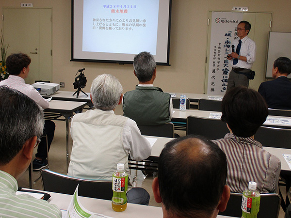 今回は、倉敷芸術科学大学 生命科学科教授 萬代忠勝先生による「続・南海トラフ巨大地震に備える」と題した講演でした。
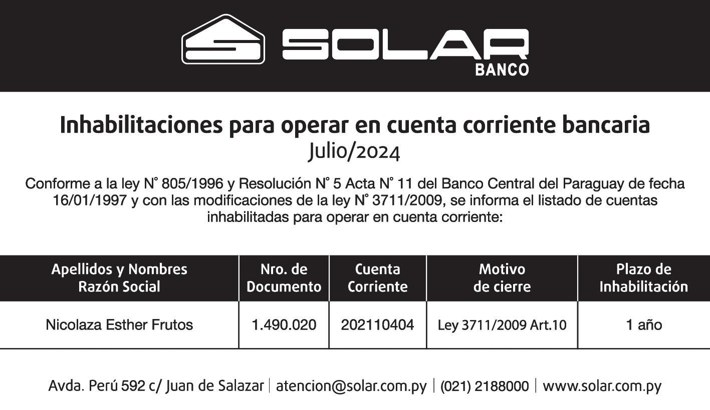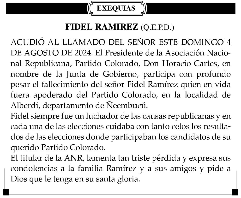 SUCESIÓN. LA JUEZ DE PRIMERA INSTANCIA EN LO CIVIL, COMERCIAL y LABORAL DE SAN PEDRO DEL PARANÁ, DE LA TERCERA CIRCUNSCRIPCIÓN JUDICIAL DE LA REPÚBLICA, Abg. FRANCISCA SOLANA AQUINO, cita y emplaza por sesenta días a herederos y acreedores de la sucesión de VIDAL RAMIREZ BENITEZ. El juicio radica en la secretaría a mi cargo Abg. ANÍBAL AMARILLA NAVARRO, Actuario Judicial. SAN PEDRO DEL PARANÁ, 26 de julio de 2024. Se hace saber al destinatario de este edicto que el mismo cuenta con el Código QR, por lo cual, para tener certeza de que este documento es válido, deberá utilizar el lector del Código QR, siendo ya en consecuencia innecesaria la autenticación manual del Actuario del Juzgado conforme Acordada 1366/2019. -73521/10/08.-
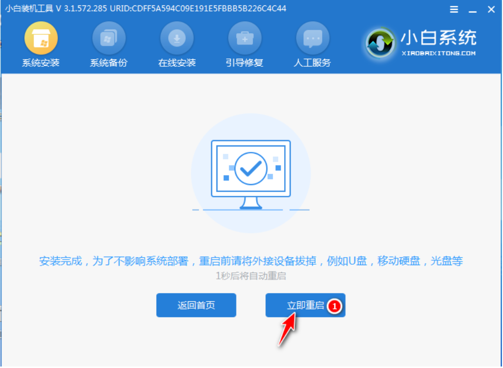 7、等待系统安装完成后,拔掉u盘重启电脑。
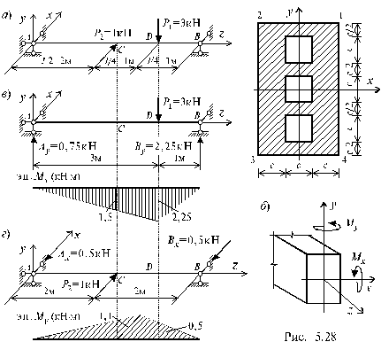 Стальная балка АВ, расчетная схема и поперечное сечение которой показаны на рис. 5.28, а, (c = 0,03 м) нагружена силами Р 1 и Р 2. Требуется:
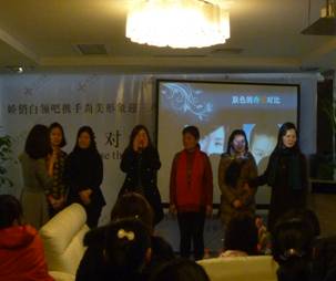 尚美形象是一家高端的私人形象设计会所。本次活动是由武商商圈楼宇党组织联系,尚美形象友情赞助,免费为武展辖区的职业女性举办讲座。在尚美形象的会议室里,形象设计师彭红老师为来自万松地区的各行各业的三十多位姐妹们,讲了一堂生动、活泼、趣味地形象设计课。课堂上,大家了解了自己的肤色,根据肤色选择适合自己的色彩系列。还学会了如何搭配色彩,如何展示自己。
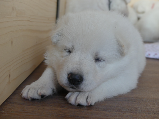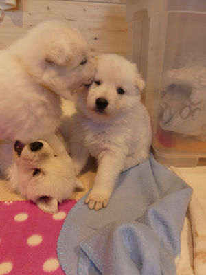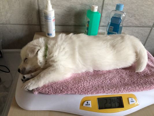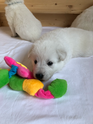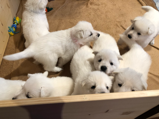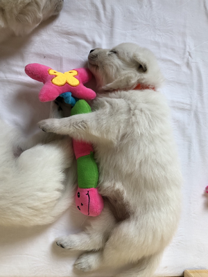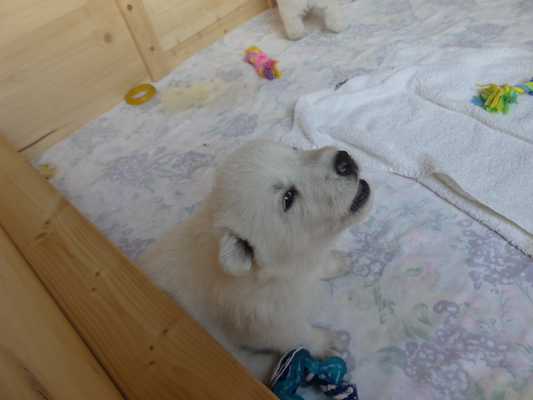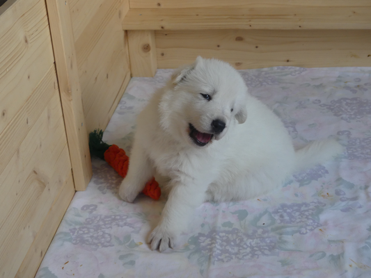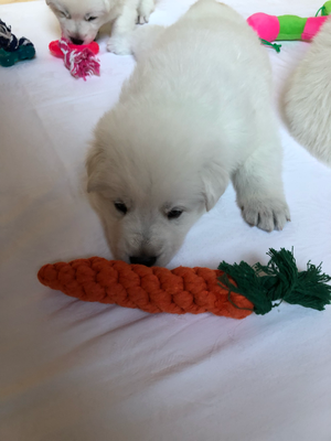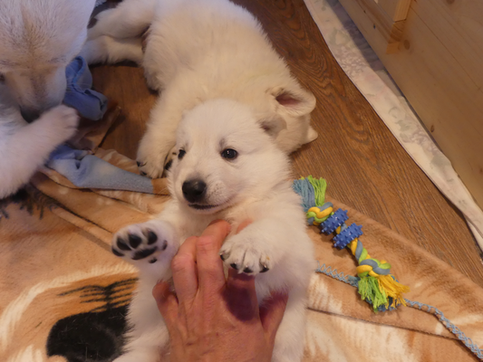 Und schon sind wir mitten in der Woche 4. Unsere Welpen entwickeln sich prächtig und alle sind sehr freundlich, neugierig und aufgeschlossen. Sie genießen die Kuscheleinheiten und spielen richtig schön miteinander aber auch mit den angebotenen Spielsachen. Besonders die Möhre hat es den Welpen angetan und teilweise wird das Ding schon rumgetragen :-)
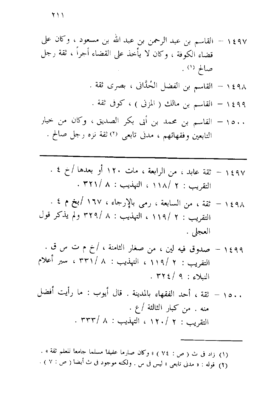 1497 - الْقَاسِم بن عبد الرَّحْمَن بن عبد الله بن مَسْعُود وَكَانَ على قَضَاء الْكُوفَة وَكَانَ لَا يَأْخُذ على الْقَضَاء أجرا ثِقَة رجل صَالح
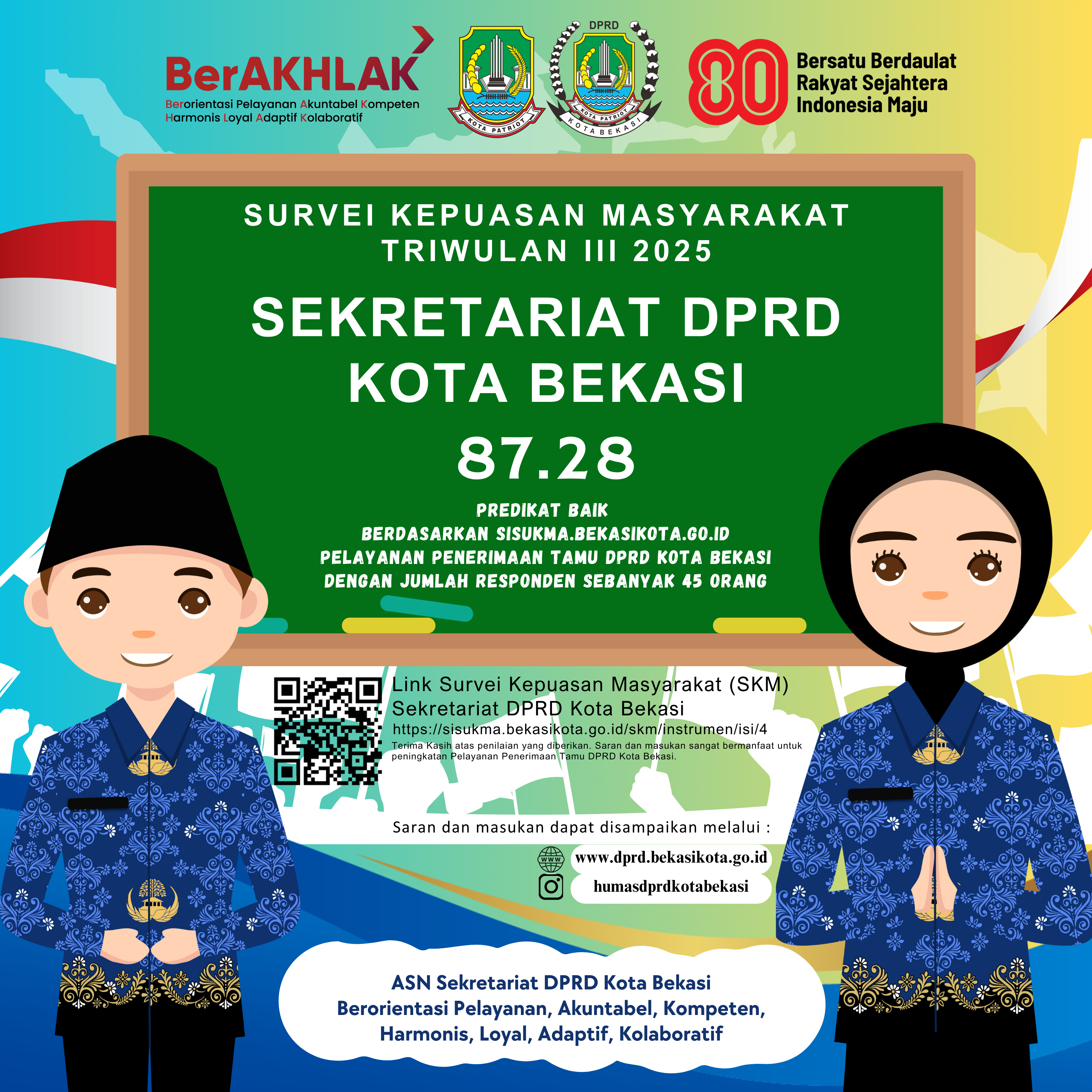 Sekretariat DPRD Kota Bekasi memperoleh Indeks Kepuasan Masyarakat (IKM) sebesar 87.28 dengan kategori mutu pelayanan B “Baik”, berdasarkan sisukma.bekasikota.go.id.

::::

TASK TO CARRY OUT: Write out, exactly as they stand, the line with "尚美形象是一家高端的私人形象" and every line after it through the end of the entries above; omit the pictures.

REPLY TO THE EXERCISE:
 尚美形象是一家高端的私人形象设计会所。本次活动是由武商商圈楼宇党组织联系,尚美形象友情赞助,免费为武展辖区的职业女性举办讲座。在尚美形象的会议室里,形象设计师彭红老师为来自万松地区的各行各业的三十多位姐妹们,讲了一堂生动、活泼、趣味地形象设计课。课堂上,大家了解了自己的肤色,根据肤色选择适合自己的色彩系列。还学会了如何搭配色彩,如何展示自己。
 Und schon sind wir mitten in der Woche 4. Unsere Welpen entwickeln sich prächtig und alle sind sehr freundlich, neugierig und aufgeschlossen. Sie genießen die Kuscheleinheiten und spielen richtig schön miteinander aber auch mit den angebotenen Spielsachen. Besonders die Möhre hat es den Welpen angetan und teilweise wird das Ding schon rumgetragen :-)
 1497 - الْقَاسِم بن عبد الرَّحْمَن بن عبد الله بن مَسْعُود وَكَانَ على قَضَاء الْكُوفَة وَكَانَ لَا يَأْخُذ على الْقَضَاء أجرا ثِقَة رجل صَالح
 Sekretariat DPRD Kota Bekasi memperoleh Indeks Kepuasan Masyarakat (IKM) sebesar 87.28 dengan kategori mutu pelayanan B “Baik”, berdasarkan sisukma.bekasikota.go.id.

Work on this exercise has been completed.